気絶していたカミュも程なく目覚め、一行はモンスターカジノから解放されたグロッタの町から出発し、ネルセンの宿屋で見た不可思議な夢の真相を辿る為ユグノア城跡へ向かった。




 ───ユグノア城跡の地下通路にいた嘆きの戦士を一度鎮めた後、その意識の中に入ったらしい僕は、気づいたら大広間のような場所に居て、多くの人々に囲まれ祝福の言葉を受けているアーウィン王と呼ばれるユグノア国王を初めて目にした。あの人が、僕の実の父親⋯⋯

僕の存在は、誰にも認識されていないようだった。兵士が国王を呼びに来た時も、アーウィン王がすぐ横を通り過ぎた時も、僕の存在に気づいた様子はひと欠片もない。

勇者の誕生を祝福する数々の声から察するに、自分が生まれたばかりの頃だと分かった。

アーウィン王がユグノアの前王であるロウおじいちゃんとデルカダール王と城の中庭で話している間に僕は、兵士達の会話から赤ん坊の頃の自分とエレノア王妃が居る部屋を見つけ出し、そっと入ってみた。

⋯⋯するとそこには、赤ん坊の僕を抱いてソファに座っているエレノア王妃、と⋯⋯赤ん坊をまじまじと見つめる幼い頃のデルカダール王女のマルティナが居た。

「触ったらこわれちゃいそうなくらい赤ちゃんって小さいのね⋯⋯。ジュイネにちょっとだけ触ってみてもいい? エレノアさま」

「えぇ、もちろんよ」


 マルティナがそっと人差し指で触れようとすると、赤ん坊の自分はその指先を小さな手できゅっと掴んだ。

「⋯⋯ジュイネはマルティナの事が好きなのね、遊んでほしいみたいだわ」

「ふふっ、わたしもジュイネのことすきよ! もうすぐアーウィンさまがジュイネを迎えにくるみたいだから、また今度いっしょにあそびましょうねっ」


 ⋯⋯盗み聞きするつもりじゃなかったにしても、そのやり取りを聞いていて僕は少し恥ずかしくなってしまった。
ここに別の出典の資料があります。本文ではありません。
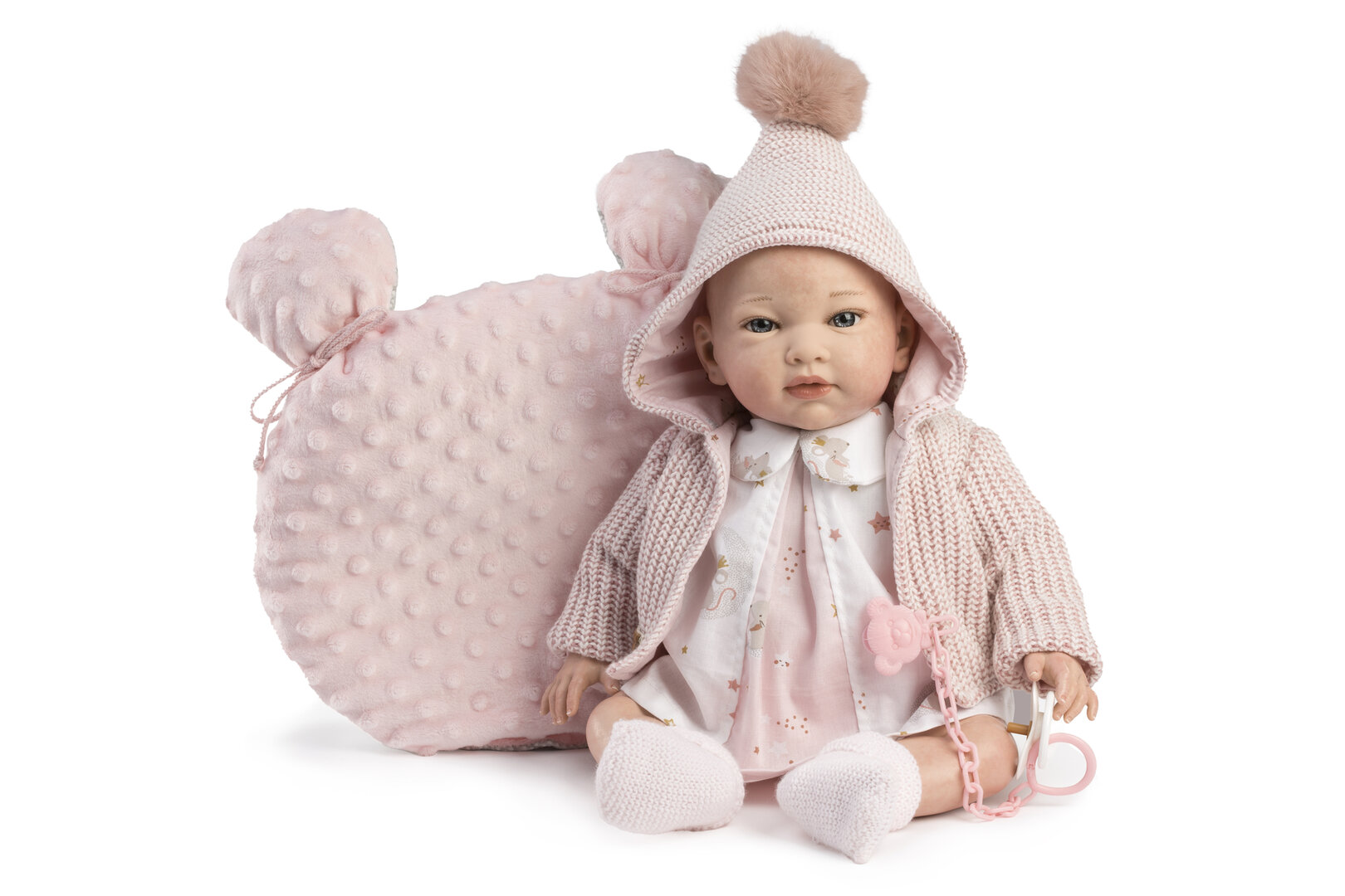 Ze draagt ​​een schattige kledingsetje met daaroverheen een heerlijk warm vest met op de muts een schattige pompom. Aan haar vest draagt zij haar favoriete speen aan een speenketting. Maria heeft ook een heerlijk kussen meegenomen waar zij lekker op kan liggen als je haar de fles geeft.
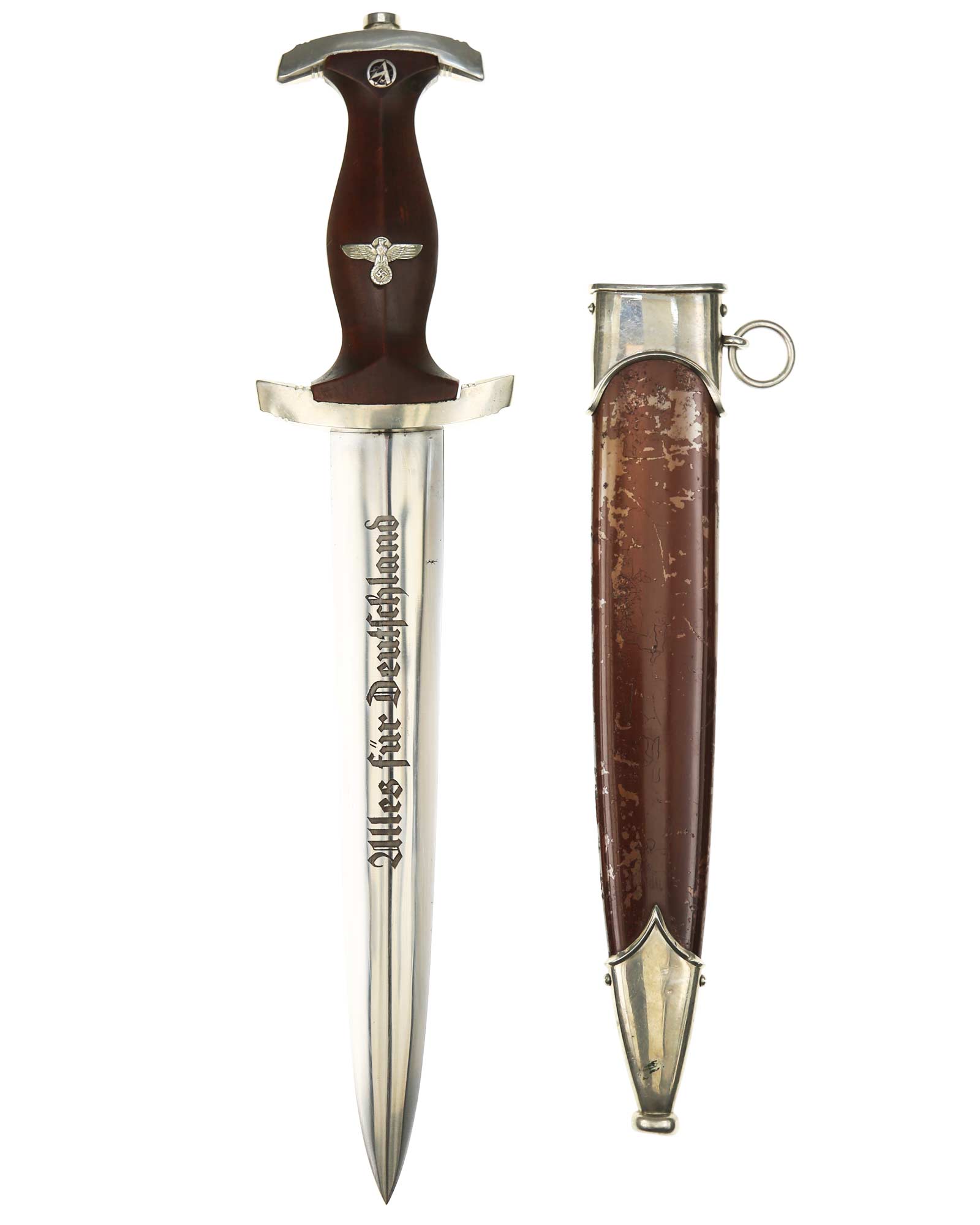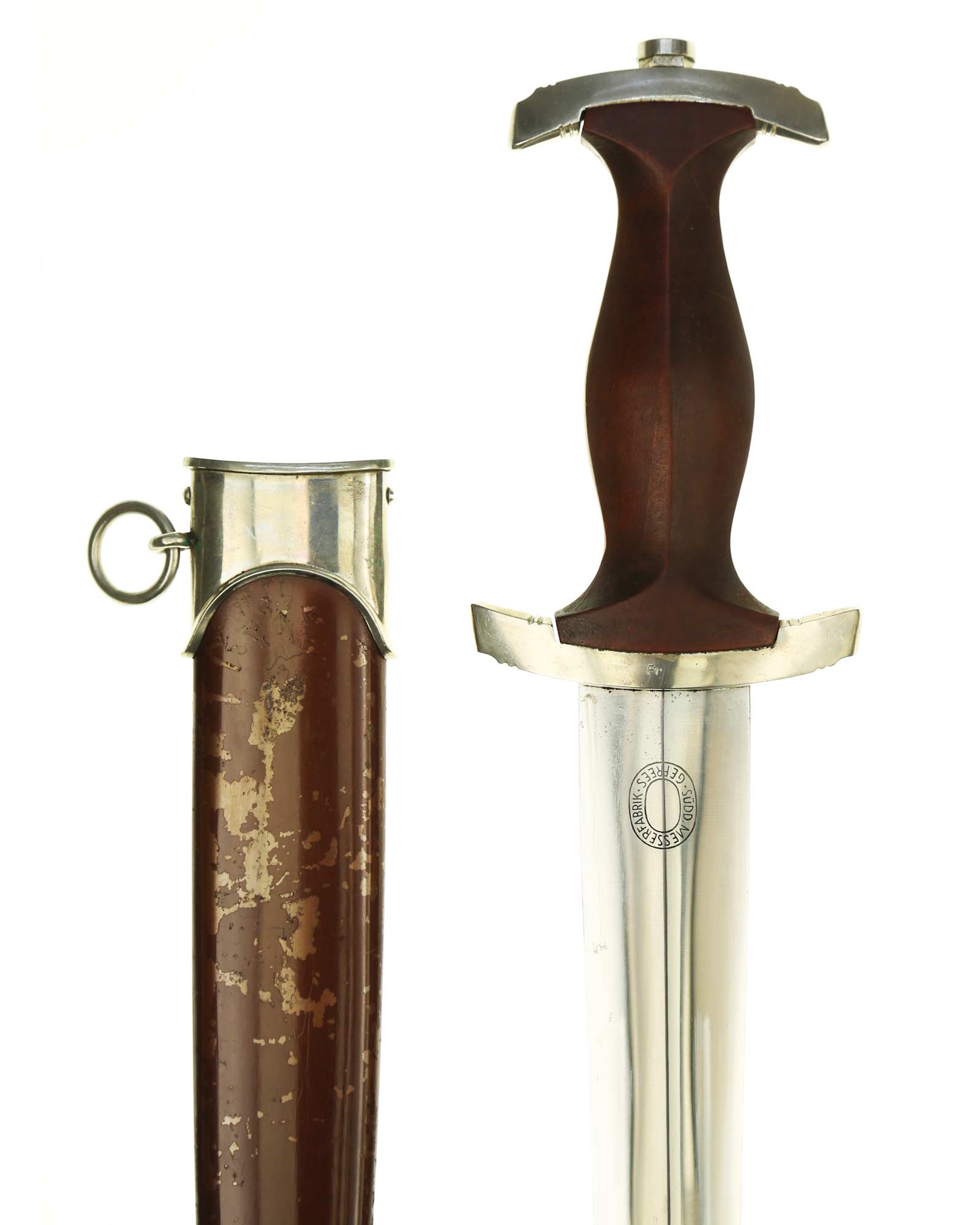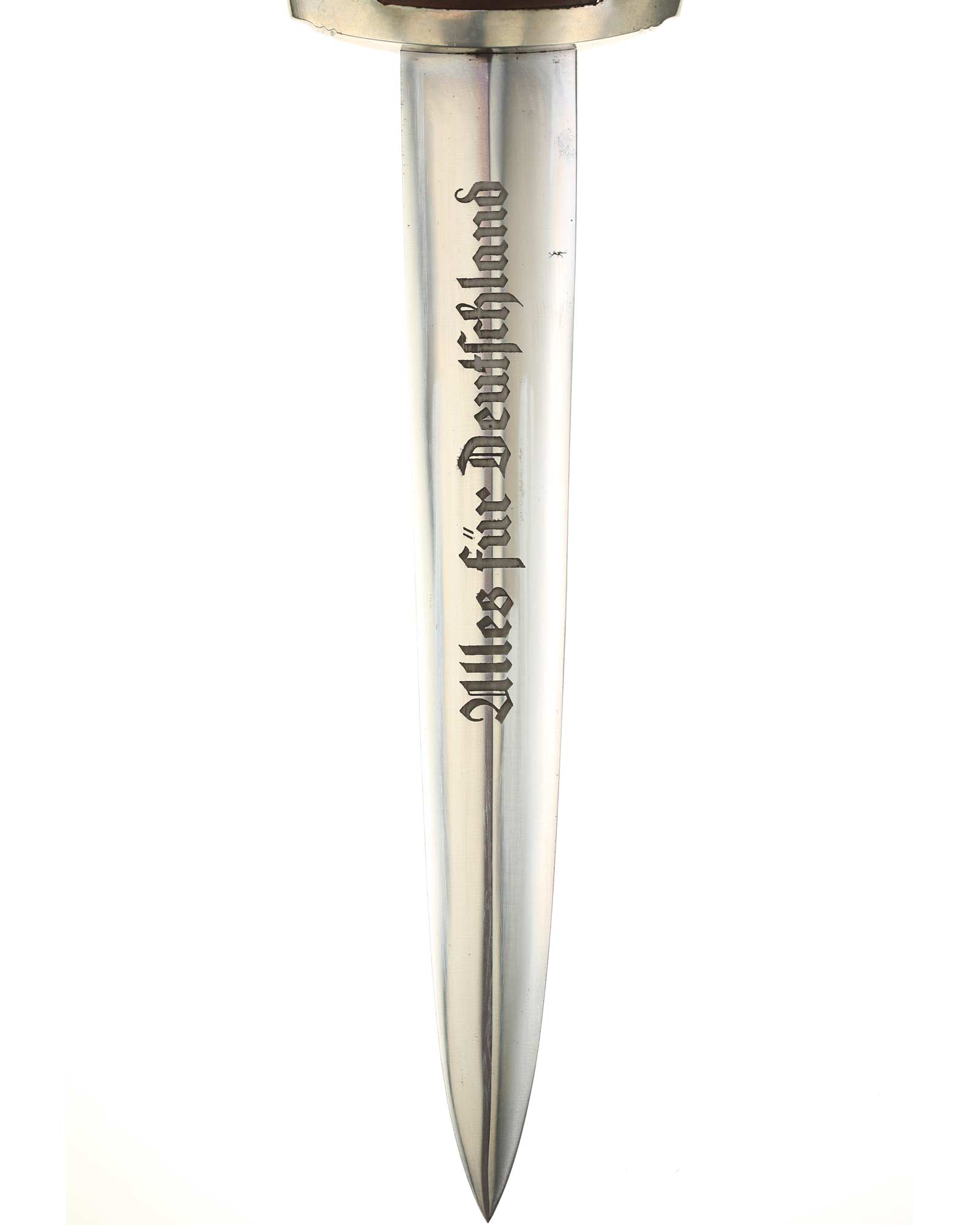 Клинок: Клинок кинжала прямой, стальной, двулезвийный, кинжального типа, с выраженным центральным ребром. На одной стороне клинка методом травления нанесен девиз СА «Всё для Германии» (Alles für Deutchland). Клинок на оборотной стороне у основания стоит клеймо производителя Южно-немецкий завод клинков Гефреес (Daniel Peres Solingen).
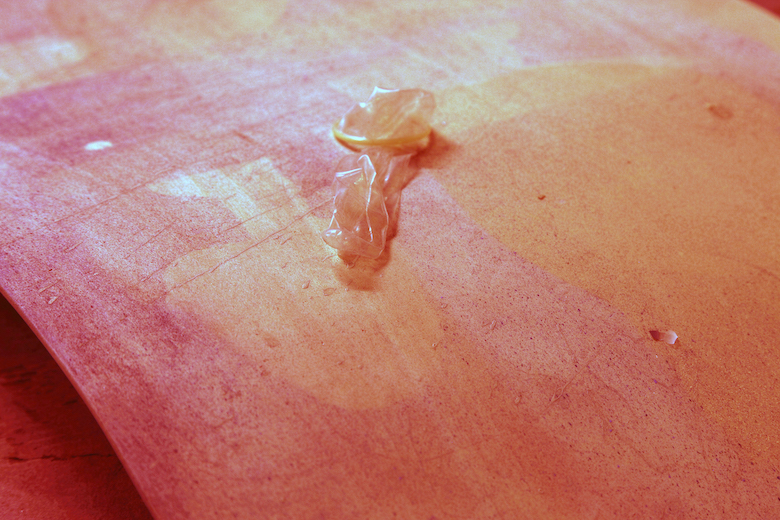 Kenji Ide title : vomit (drawing - 1) / media : venner, lacquer spray color / size : 17 x 13 x 2.3cm / year : 2017
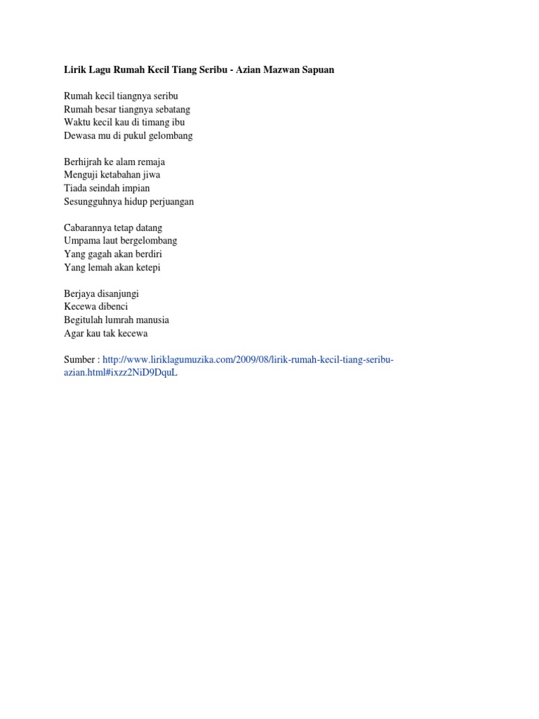 Azian Mazwan Rumah Kecil Tiang Seribu Lyrics Musixmatch
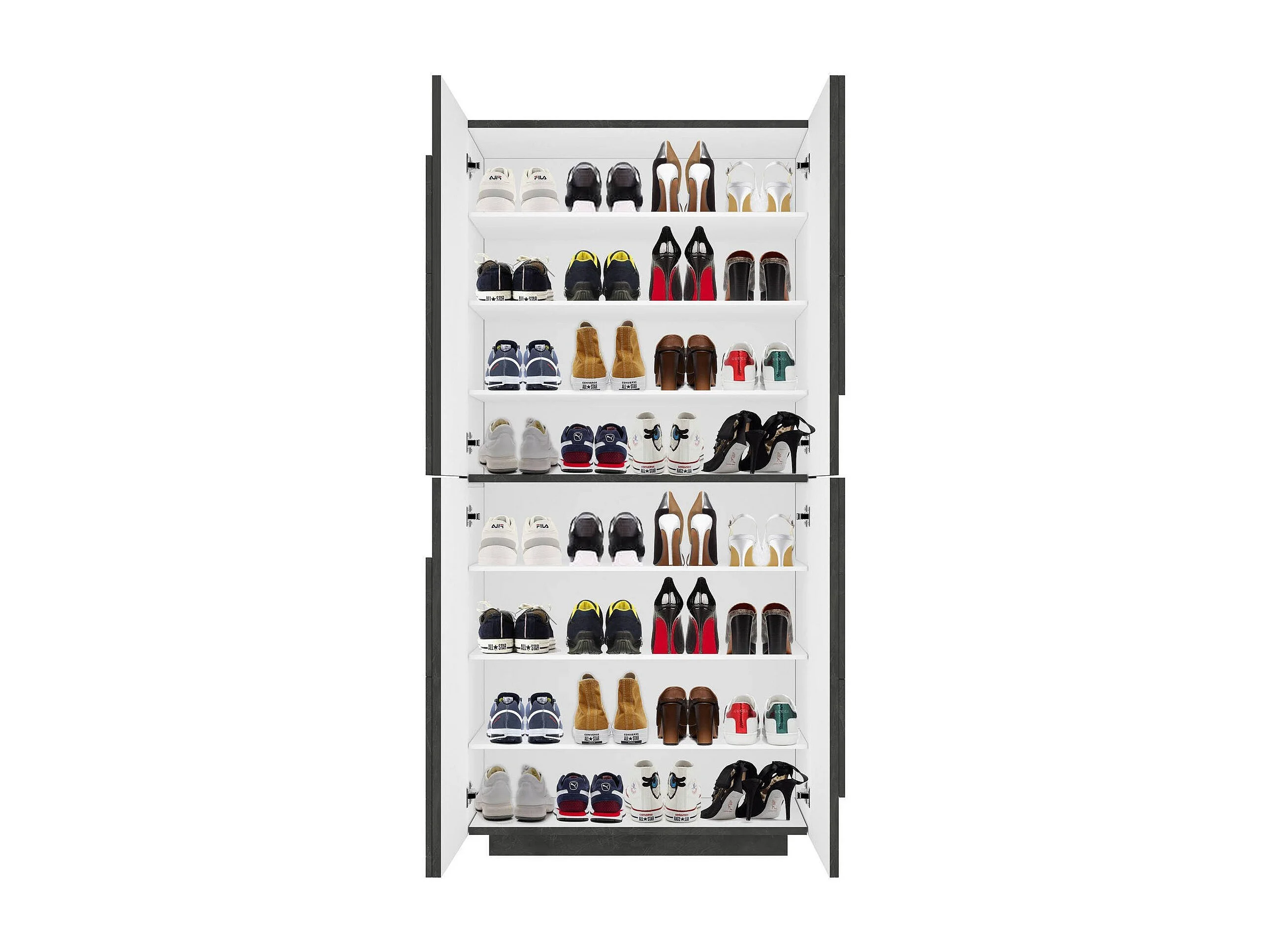 Étagère à chaussures Orfeo, Armoire polyvalente avec 4 portes battantes, Étagère à chaussures d'entrée, 100% Made in Italy, 81x38h167 cm, Ardoise

「この子が大きくなったら、父親のアーウィンに似てどんな困難も乗り越える、力強く凛々しい子になってほしいわ」

「エレノアさまに似たらきっと、みんなにやさしい子になるわ!」

「ふふ⋯⋯私はこれでも昔はお転婆だったのよ。そう、ちょうど今くらいのマルティナのようにね」

 実の母が昔はお転婆だったと聞いて、意外だった。僕の場合は小さい頃イタズラっ子だったけど、お転婆とイタズラっ子は根本的に意味合いは違うにしても、活発な子だったのは同じなんだろうかと感じる。


「───きゃあっ! かみなり⋯⋯!?」

「特別な日だというのに、急に外が荒れてきたわね⋯⋯」

 晴れていたはずの空が急な暗雲と雷と共に大粒の雨が窓を打ち付け部屋の中が薄暗くなった。⋯⋯そこへ、アーウィン王がエレノア王妃とマルティナ姫の居る部屋までやって来る。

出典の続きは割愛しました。